Exploring Winsorizing

Next, we will explore whether winsorizing the data impacts the test results. This process refers to limiting the extreme values in the dataset to reduce the influence of outliers.


After running the Friedman’s Test on the winsorized dataset, we did not observe much of a difference in the p-value.

Post Hoc Analysis Consideration
Although our data did not show significant results, post hoc tests like Dunn’s test can be used for exploratory purposes. Here is an example of me running Dunn’s post hoc test.



Conclusion

We can now report our results:

“The Friedman’s test was chosen to examine if there were any statistically significant results between different treatment conditions on M. plastico decomposition rate of 500mL plastic bottles. The test results yielded no significant differences, x^2(2, N=30) = 0.800, p = 0.670.”

Finished (for now). Feel free to explore more statistical analyses!

Reference & More Reading

Pereira, D. & Afonso, Anabela & Medeiros, Fátima. (2015). Overview of Friedman’s Test and Post-hoc Analysis. Communications in Statistics - Simulation and Computation. 44. 2636-2653. 10.1080/03610918.2014.931971.

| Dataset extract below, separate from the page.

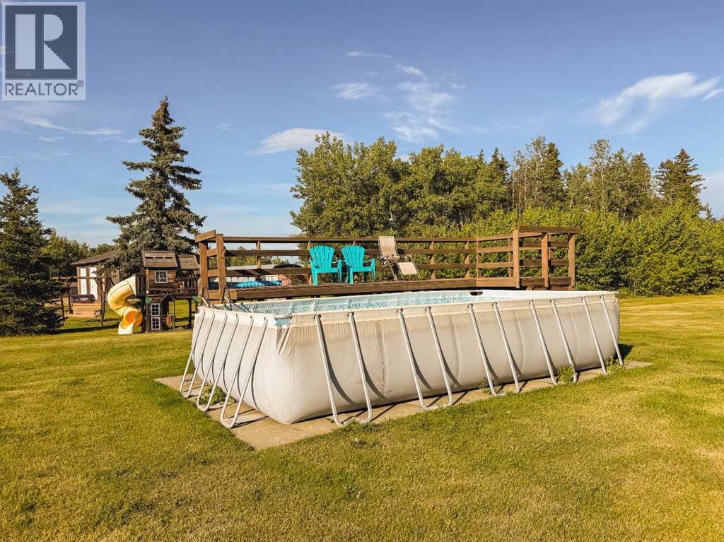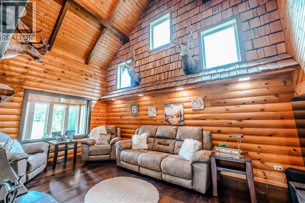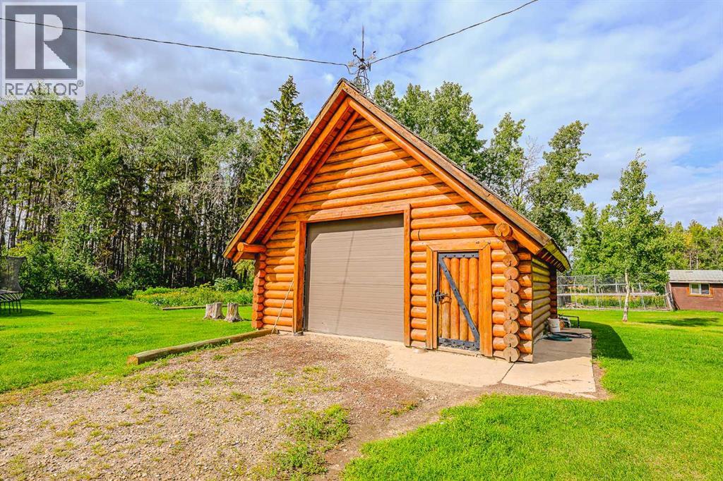 Nestled on 10.9 acres of pristine Peace Country landscape just minutes South West of Spirit River, this custom-crafted 1½-storey log home blends rustic elegance with modern comforts and boundless outdoor charm. Step inside to discover stunning vaulted ceilings and exposed beams, while pine and cedar tongue-and-groove walls add warmth and character. The living room harmonizes with nature through a soaring fireplace boasting a hearth and mantle that anchor the space. The kitchen and dining area are drenched in morning light, thanks to striking bay, floor-to-ceiling windows facing east—ideal for enjoying sunrise breakfasts beside the gas stove and custom pine cabinetry. The main floor also offers an office, a 3-piece bathroom with shower, and the convenience of main floor laundry with a chute. The fully developed basement extends inviting entertainment space, complete with two additional bedrooms, a den (currently being used as a bedroom), a cold room and utility room with on-demand hot water. The home’s comfort is amplified by efficient in-floor heating throughout, and its legacy is built to last on a cedar-shake roof. The property’s infrastructure is impressive: a massive 38ft x 58 ft heated shop (with its own bathroom, in-floor heat, and mezzanine office); lush perennial gardens, vegetable garden, fruit trees, a greenhouse and chicken coop for homesteading; and leisure options including a pool with deck, trampoline, fire pit, and generous outdoor deck spaces to suit gatherings of any size. A short drive into Spirit River grants access to everyday essentials and community facilities such as schools (Ste.Marie Catholic School and Spirit River Regional Academy), a library, museum, curling rink, arena, the Richardson Pioneer Central Peace Aquatic Centre, a community hall, and clinics including the Central Peace Health Centre and Hospital. The health centre includes physician, dentist, physiotherapist, acupuncture and massage services. Outdoor enthusiasts will appreciate being only ~27km from Moonshine Lake Provincial Park, offering beaches, playgrounds, hiking and biking trails, picnic and fire-pit areas, and summer and winter recreational activities including cross-country skiing. The town also supports active aging programs, community events, and family support services, ensuring a well-rounded rural lifestyle. This is truly peaceful, practical, and picturesque living—a move-in ready property that delivers a perfect marriage of rural lifestyle and creature comforts. Don’t miss this rare chance to own your piece of the Peace Country. (31017902)
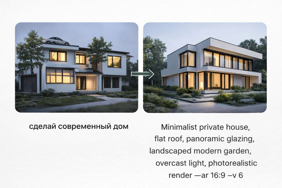 Когда ты пишешь что-то вроде «сделай современный дом»,ты даёшь нейросети почти полную свободу. Она не знает: жилой это дом или концепт, для рендера или для презентации, в каком масштабе и окружении.

Keywords: AI Statistics, GPT, Non-parametric, Friedman’s Test, Descriptive Statistics, Outliers, Data preprocessing, Data visualization, post hoc analysis

1 Like

TLDR
The bacteria could potentially create algal blooms. “We need to address the problem at the source”. numbers x^2(2, N=30) = 0.800, p = 0.670".

Thanks for the guide! I believe there’s a misunderstanding about the TLDR. This post isn’t about algal blooms; it’s about a synthetic study that examines how temperature and pollution could affect the rate of decay of plastic bottles by a fake species of bacteria.